Simulate logon to the Xiaomi account using Python (Tornado)

Today, I saw my colleagues participate in Xiaomi flash sales. After several weeks of attempts, I finally got a Xiaomi TV ...... After reading the flash sales process of Xiaomi, it seems that the application can be broken. So I want to write something to play with (you know ......), The first step is to simulate logon to the Xiaomi account.

Use Python to implement it. Because a Web application is written, Tornado is the framework.

First, define the application URL:

def main():    tornado.options.parse_command_line()    application = tornado.web.Application([        (r"/", MainHandler),        (r"/mibuy/", MiBuyHandler),    ],**settings)    http_server = tornado.httpserver.HTTPServer(application)    http_server.listen(options.port)    tornado.ioloop.IOLoop.instance().start()

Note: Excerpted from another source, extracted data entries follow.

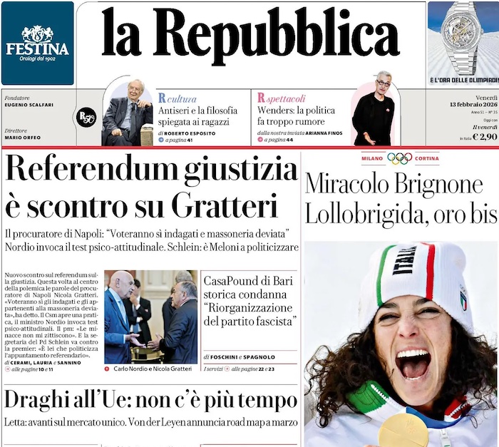 Olimpiadi Milano-Cortina, Federica Brignone trionfa nel super G e vince la medaglia d’oro 315 giorni dopo l’infortunio. Sfrutta le condizioni ideali nuvole basse e scarsa visibilità. I complimenti delle sue rivali e non solo. Il presidente Mattarella “Le medaglie sono degli atleti”. Su Brignone: “Bravissima, posso dire che ci contavo?” Medaglia d’oro anche per Francesca Lollobrigida che completa il successo avviato con la medaglia di sei giorni fa.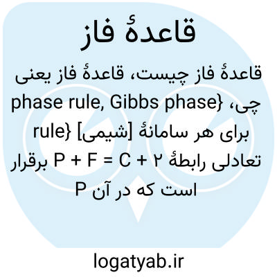 {phase rule, Gibbs phase rule} [شیمی] برای هر سامانۀ تعادلی رابطۀ P + F = C + 2 برقرار است که در آن P تعداد فازهای مجزا و C تعداد اجزا و F درجۀ آزادی سامانه باشد
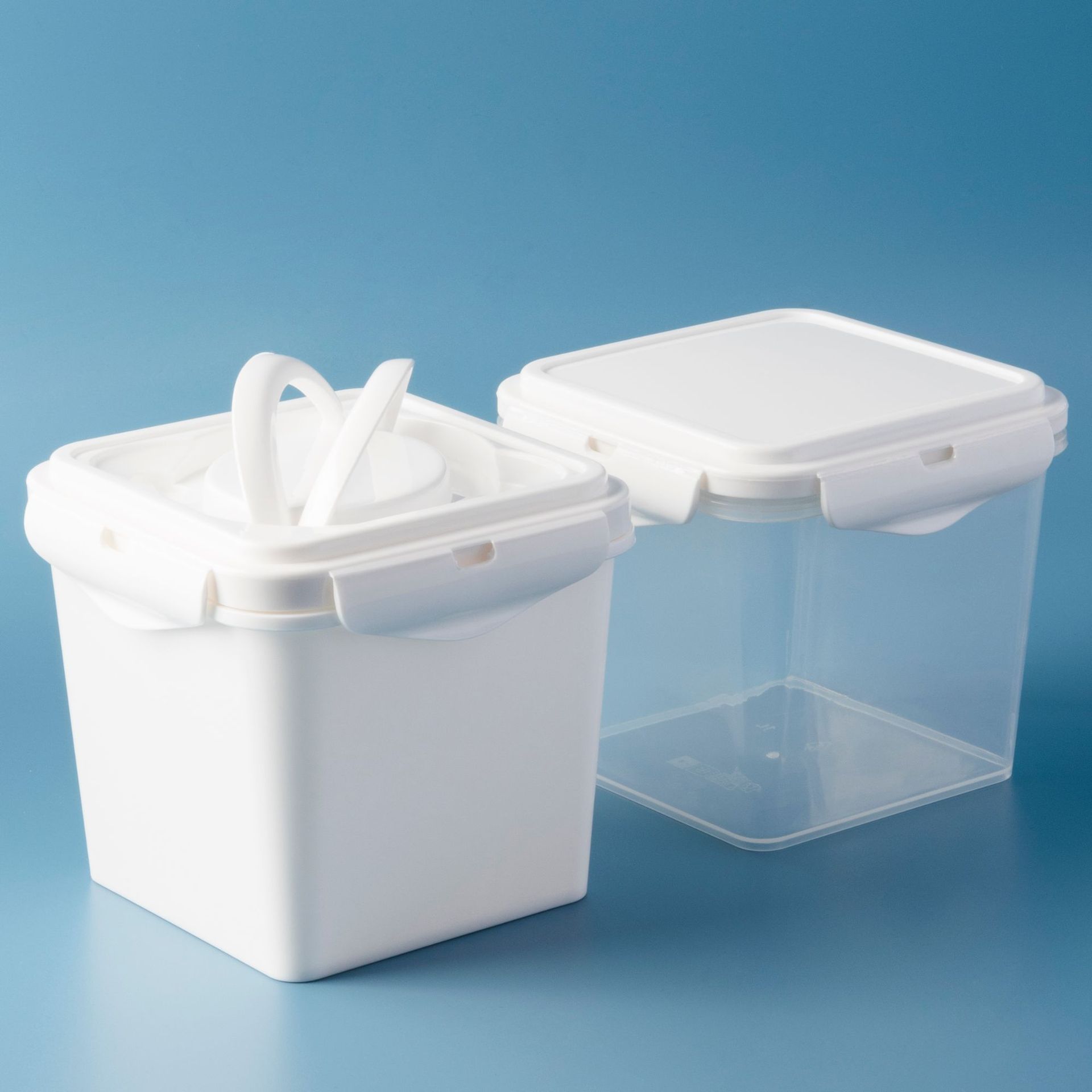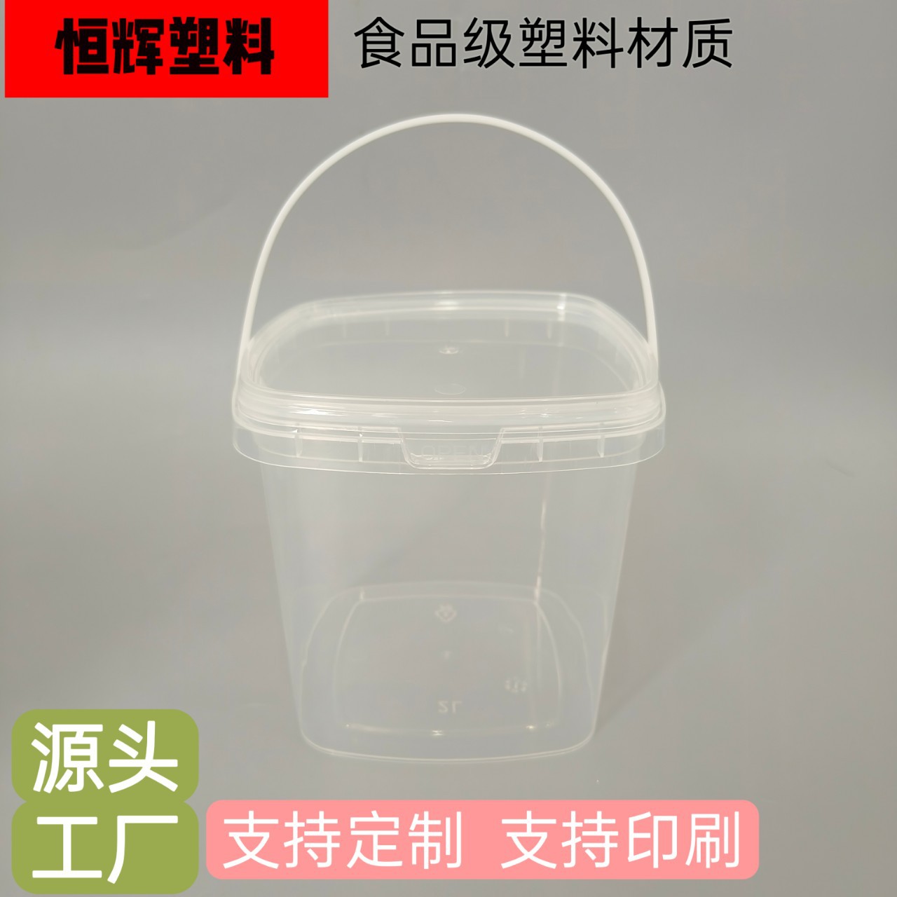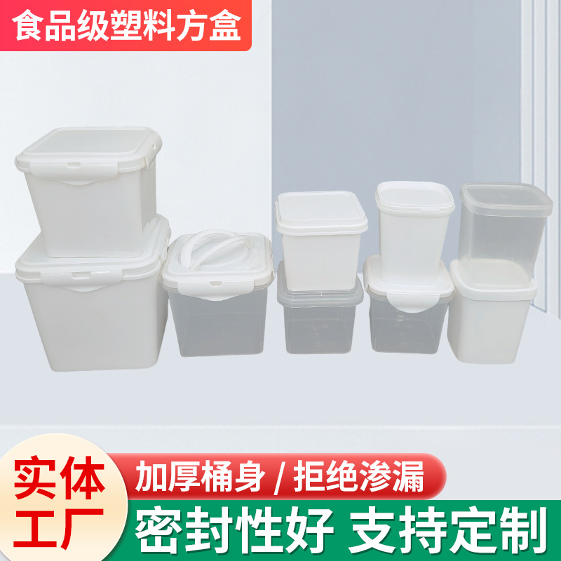 メーカーは1000ml 2000mlのポータブル透明角型バケツプラスチック収納ボックス密封漂白剤バケツ凍結乾燥バケツを供給しています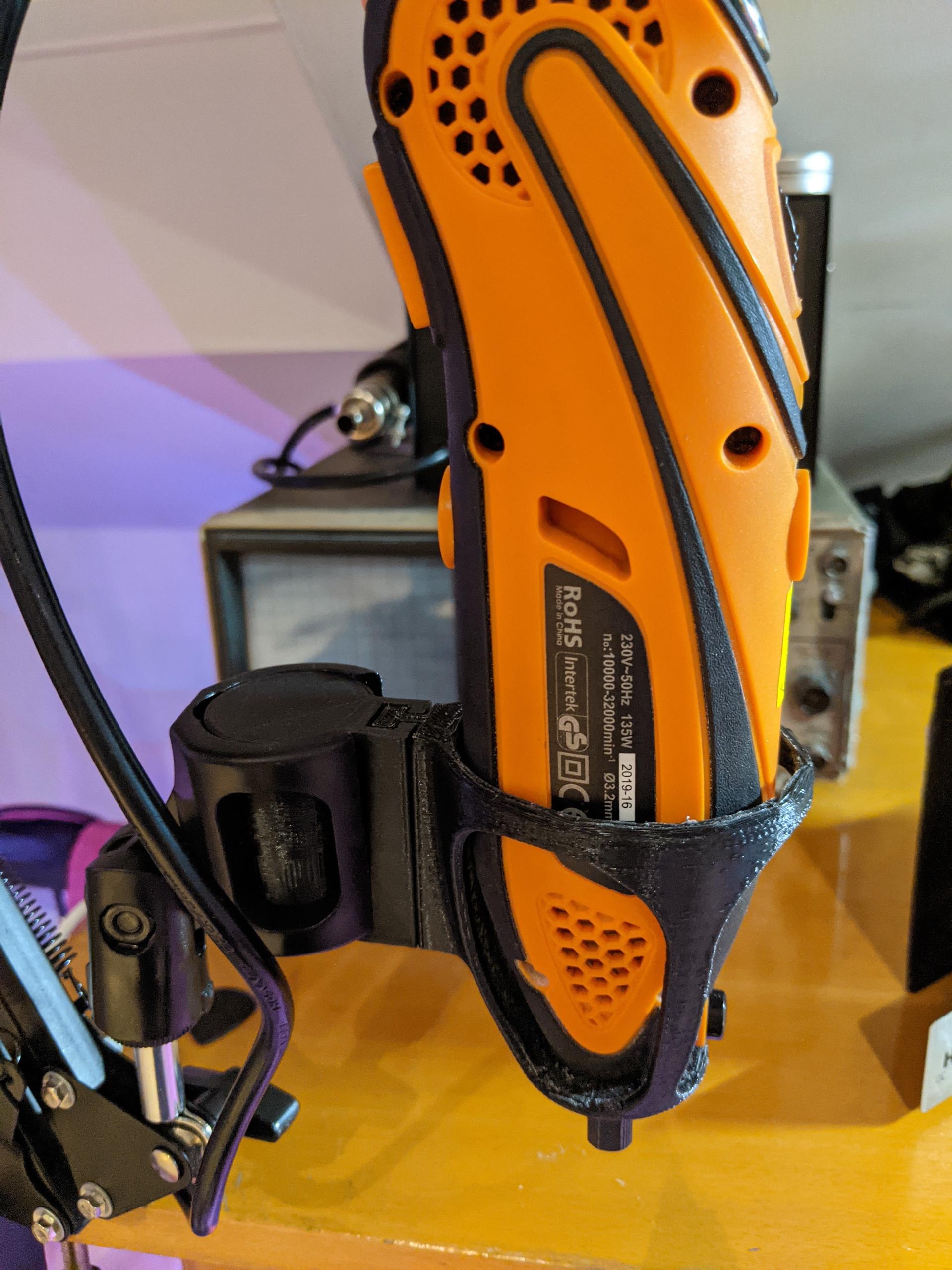 Published 22 January 20213dprinting3D printed modular jig for mounting my multitool to my microphone boom. Kinda dangerous to use, but quite satisfying to design.

The next step is to find the data that needs to post the past, and use Fiddler to sniff:

That is to say, the POST address is https://account.xiaomi.com/pass/serviceloginauth2.

The form parameters to be constructed are also very simple (URL encoding has been performed ): passToken = & user = www.bkjia.com & pwd = password & callback = https % 3A % 2F % 2Faccount.xiaomi.com & sid = passport & qs = % 253 Fsid % 253 Dpassport & hidden = & _ sign = KKkRvCpZoDC % 2BgLdeyOsdMhwV0Xg % 3D. That is:

post_data = urllib.urlencode({'passToken':'', 'user': 'www.bkjia.com', 'pwd': 'password', 'callback':'https://account.xiaomi.com', 'sid':'passport', 'qs':'%3Fsid%3Dpassport', 'hidden':'', '_sign':'KKkRvCpZoDC+gLdeyOsdMhwV0Xg='})path = 'https://account.xiaomi.com/pass/serviceLoginAuth2'

The following functions can also be written:

class MiBuyHandler(tornado.web.RequestHandler):    def get(self):        cj = cookielib.CookieJar()        post_data = urllib.urlencode({'passToken':'', 'user': 'www.bkjia.com', 'pwd': 'password', 'callback':'https://account.xiaomi.com', 'sid':'passport', 'qs':'%3Fsid%3Dpassport', 'hidden':'', '_sign':'KKkRvCpZoDC+gLdeyOsdMhwV0Xg='})        path = 'https://account.xiaomi.com/pass/serviceLoginAuth2'        cookieHandle = urllib2.HTTPCookieProcessor(cj)        opener = urllib2.build_opener(cookieHandle)        #opener.addheaders = [('User-agent', 'Opera/9.23')]        urllib2.install_opener(opener)        req = urllib2.Request(path, post_data)        response = urllib2.urlopen(req)        html = response.read()        self.render("mibuy.html",message=html)

How to print the cookie and print cj directly to view the cookie content.

The next thing seems very simple, that is, parsing hdcontrol (URL: http://tc.hd.xiaomi.com/hdget? Callback = hdcontrol) json.

hdcontrol({stime: 1383645496,status: {allow: true,miphone: {hdurl: "",duration: null,hdstop: true,reg: true,pmstart: false,hdstart: false},mibox: {hdurl: "",duration: null,hdstop: true,reg: true,pmstart: false,hdstart: false},mitv: {hdurl: "",duration: null,hdstop: true,reg: false,pmstart: false,hdstart: false}}})

When allow is true, hdurl has a value, such? _ A = 20131105_phone_a212a2b30e5 & _ op = choose & _ s = 72b686828 & _ m = 1 and so on. This is the real Flash sale address, if you access this address directly, you do not need to click the queuing button. You should know what to do if you know the program ......

It only applies to the current (November 2013), and may change some rules in the future.